Computability has a couple of slightly different meanings in the literature depending on certain assumptions, but in general terms it means that the results of a computation can be done with a) a computer, b) using finite memory, and c) in a finite amount of time(*).
The Church-Turing thesis implies that all computers are equivalent, so the type of computer doesn't matter.
What *does* matter is the finite limits on time and memory. You can't use real (in the mathematical sense) numbers, because they take an infinite amount of memory to store, and would take an infinite amount of processing just to load one into a register. This implies that position, if your universe has this as a feature, must be quantized in some way. The amount of information in a particle's position must be finite. Time also has to be quantized.
If time and position are quantized, you might need some sort of "fuzzing" algorithm to avoid jaggies and other artifacts in your universe.

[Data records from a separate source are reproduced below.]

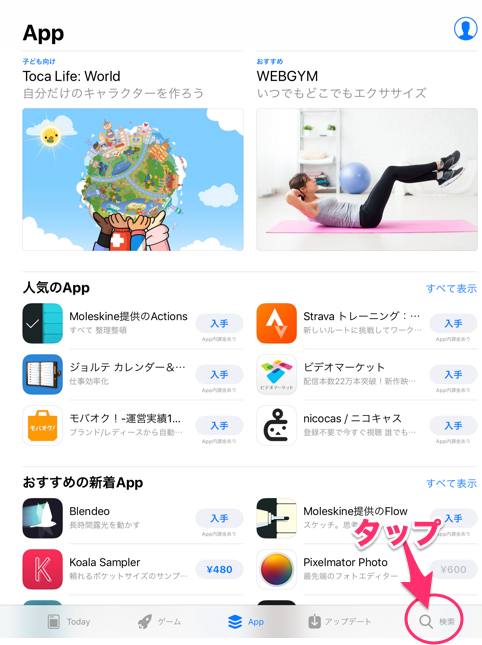 右下の[検索アイコン(虫眼鏡マーク)]をタップします。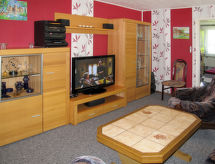 Enfamiljshus "Mary". 800 m från centrumet av Karlsburg, i utkanten, 20 km från centrumet av Anklam, 20 km från centrumet av Greifswald, 25 km från havet. För gemensamt bruk: tomt 2'000 m2 (inhägnad), välskött trädgård med gräsmatta och träd. Barnlekplats (rutschbana, gunga). Carport. Stormarknad 1 km, järnvägsstation "Karlsburg" 1 km, sandstrand "Zinnowitz" 25 km. Notera: ägaren bor i samma hus. Ägaren har en hund. Djur i området.Interior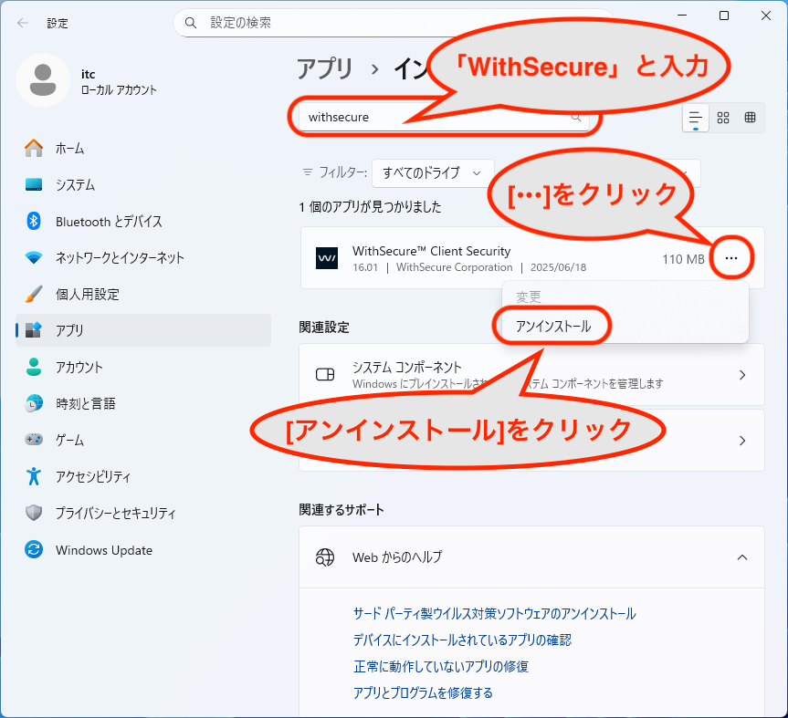 2.「WithSecure」で検索し、以下のアプリが見つかれば、「…」をクリックしてアンインストールをクリックします。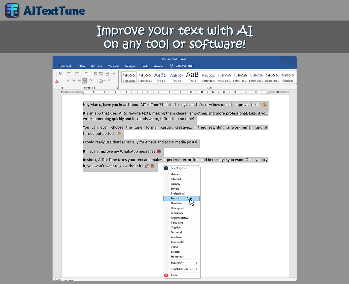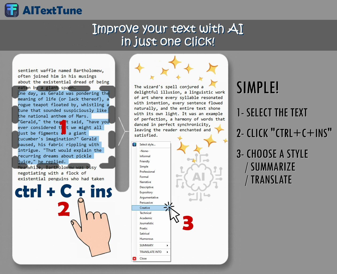 AI tool to automatically enhance writing. Correct any errors, improve clarity and flow. Choose a style and leverage AI to enhance it instantly. Generate summaries and translations in 25+ different languages. Use it on any tool or software you're writing on.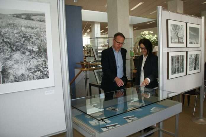 Eindringliche Motive in der Pfalzbibliothek: Fotograf Reiner Voß und Bibliotheksleiterin Claudia Germann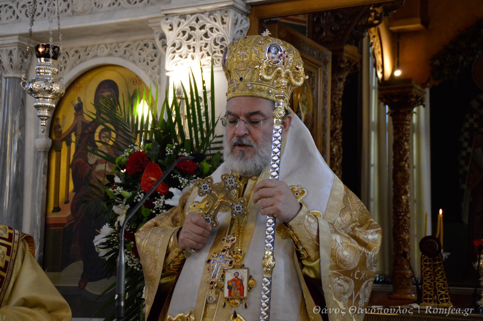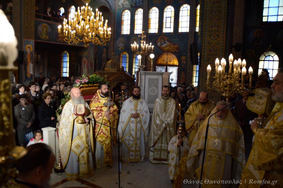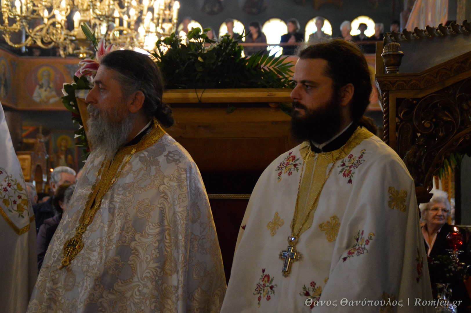 Την Θεία Λειτουργία τέλεσε ο Σεβασμιώτατος Μητροπολίτης Ηλιουπόλεως Αιγύπτου κ. Θεόδωρος, ο οποίος κήρυξε τον Θείο Λόγο, παίρνοντας αφορμή από το χαρακτηρισμό της Αγίας ως «στρουθίον».

Something like Bresenham's algorithm, or some other anti-aliasing method. Maybe use sines and cosines to represent the probability of a position between two quantized locations or something similar.
If we can identify an effect that the universe has that is non-computable, then we could (at that time) definitely state that the universe is not some sort of simulation.
That being said, I don't think this paper rules out computability per-se. The fact that complexity is exponential does not specifically rule out being computable, the thing about exponentiality comes from the post and not the abstract of the paper, the paper abstract itself states that the question is still open, and the paper is speculative and might be subject to re-interpretation or dispute by subsequent papers.
It's also really, really dense.
Whether the universe is computable is a really interesting question. Consider the resolution of the probability values of QM experiments; ie - is there a limit to the resolution one can have on a probability measurement? If it's a finite amount of information, it's kept in a finite number of bits, which means that it has a fundamental fractional resolution.
Is there an experiment that would show this fundamental resolution limit? (Do photons from distant galaxies arrive in tiny quantized angles, for instance?)
(*) With one possible exception, which is the overall program of the universe. The universe itself can run for infinite time, so long as each interaction can be computed in a finite amount of time. Basically, you can have exactly one while(1) in the main() of your universe, and all subroutines must return in a finite amount of time.
Why do you feel that our understanding of the length of a sequence of digits as infinite is truly how they are? If you exist as a 32bit representation and you have no ability to use address windowing or other similar technology, then your understanding of a 33bit or higher number becomes infinity as a consequence. As your existence has no physical ability to represent the true value of the number in question. You would have to make up a representation of an unfathomably large and unending number, like Infinity.
Also, you're still making the assumption of trying to disprove something whilst being inside of the same system. You could very well be programmed to run around in mindless loops or perceive things as infinities merely by design.
A 100% complete version of something created in another medium than the original is still a simulation of one.